** DATASET SECTION **
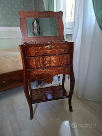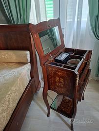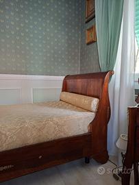 Vendo tipoco letto a barca periodo ‘800 con comodino, eredità di famiglia. Entrambi in perfetto stato in quanto periodicamente restaurati per mantenerne il valore intatto nel tempo. Il letto viene venduto già dotato di rete e materasso (memory), entrambi su misura e acquistati 3 anni fa. Il letto é facilmente smontabile per il trasporto (le testiere si sganciano dalle travi orizzontali) Dimensioni: 107x216 cm, altezza testiere 101 cm Letto (con rete e materasso in omaggio): 250€ Comodino: 150€ Letto + comodino: 350€
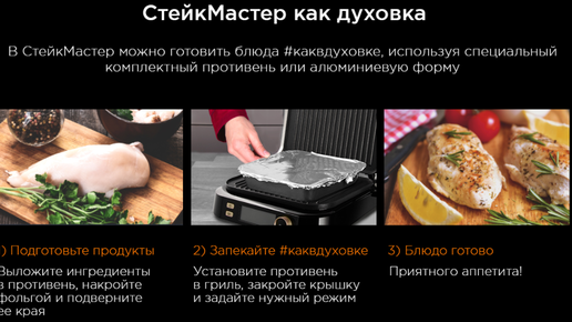 Компания Redmond выпустила новый классный прибор для кухни, сочетающий в себе функции гриля, духовки и барбекю. Посмотрите на дизайн стейкмастера в галерее. Стейкмастер включает в себя 7 автоматических программ приготовления идеальной пищи, а также настраивать программы можно вручную. В комплекте имеется противень с антипригарным покрытием. Не удивляйтесь тому, что блюда в гриль-духовке готовятся быстрее, чем в духовом шкафу: всё дело в высокой теплопроводной форме. Если вы считаете,...
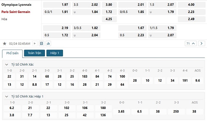 Soi kèo tỷ số Lyon vs Paris Saint-Germain
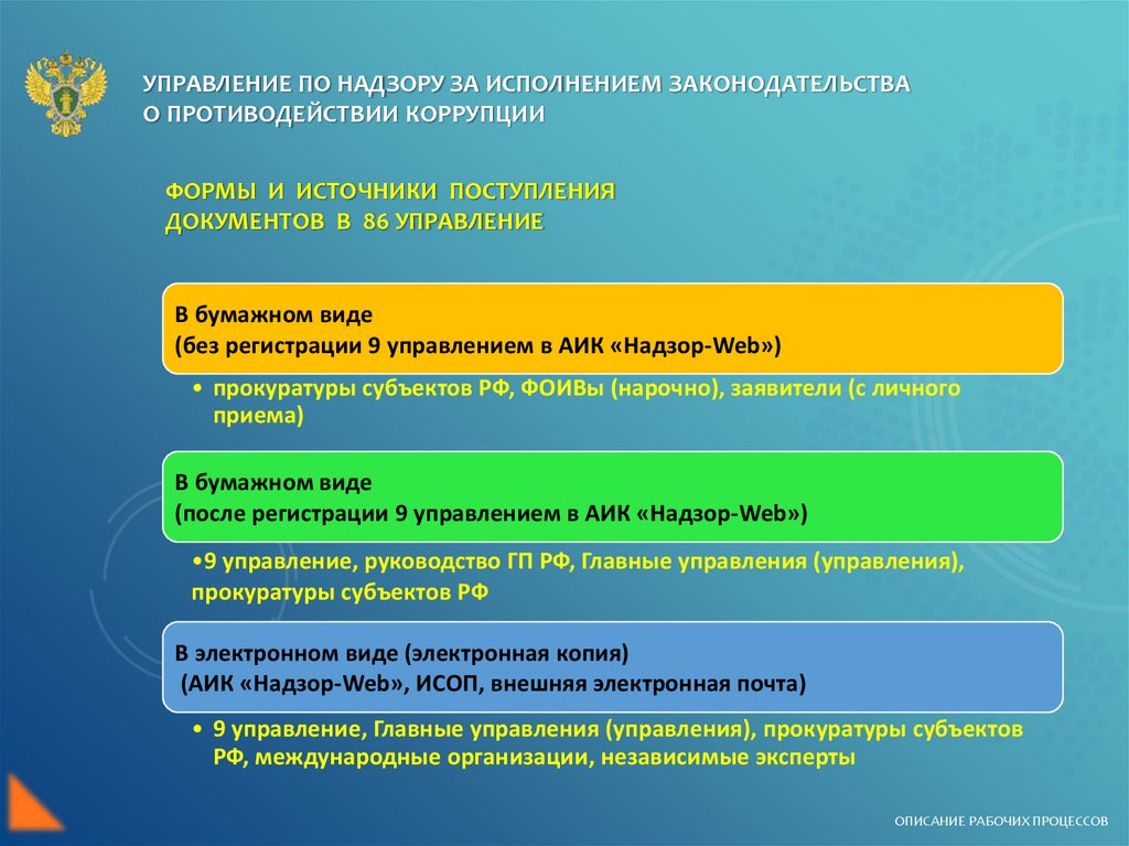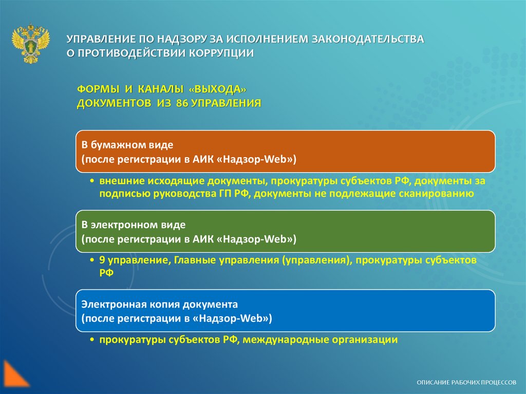 • внешние исходящие документы, прокуратуры субъектов РФ, документы за

** TASK STATEMENT **
The data must be repeated exactly. Any pictures in it are to be left out.

** OUTPUT OF THE EXERCISE **
 Vendo tipoco letto a barca periodo ‘800 con comodino, eredità di famiglia. Entrambi in perfetto stato in quanto periodicamente restaurati per mantenerne il valore intatto nel tempo. Il letto viene venduto già dotato di rete e materasso (memory), entrambi su misura e acquistati 3 anni fa. Il letto é facilmente smontabile per il trasporto (le testiere si sganciano dalle travi orizzontali) Dimensioni: 107x216 cm, altezza testiere 101 cm Letto (con rete e materasso in omaggio): 250€ Comodino: 150€ Letto + comodino: 350€
 Компания Redmond выпустила новый классный прибор для кухни, сочетающий в себе функции гриля, духовки и барбекю. Посмотрите на дизайн стейкмастера в галерее. Стейкмастер включает в себя 7 автоматических программ приготовления идеальной пищи, а также настраивать программы можно вручную. В комплекте имеется противень с антипригарным покрытием. Не удивляйтесь тому, что блюда в гриль-духовке готовятся быстрее, чем в духовом шкафу: всё дело в высокой теплопроводной форме. Если вы считаете,...
 Soi kèo tỷ số Lyon vs Paris Saint-Germain
 • внешние исходящие документы, прокуратуры субъектов РФ, документы за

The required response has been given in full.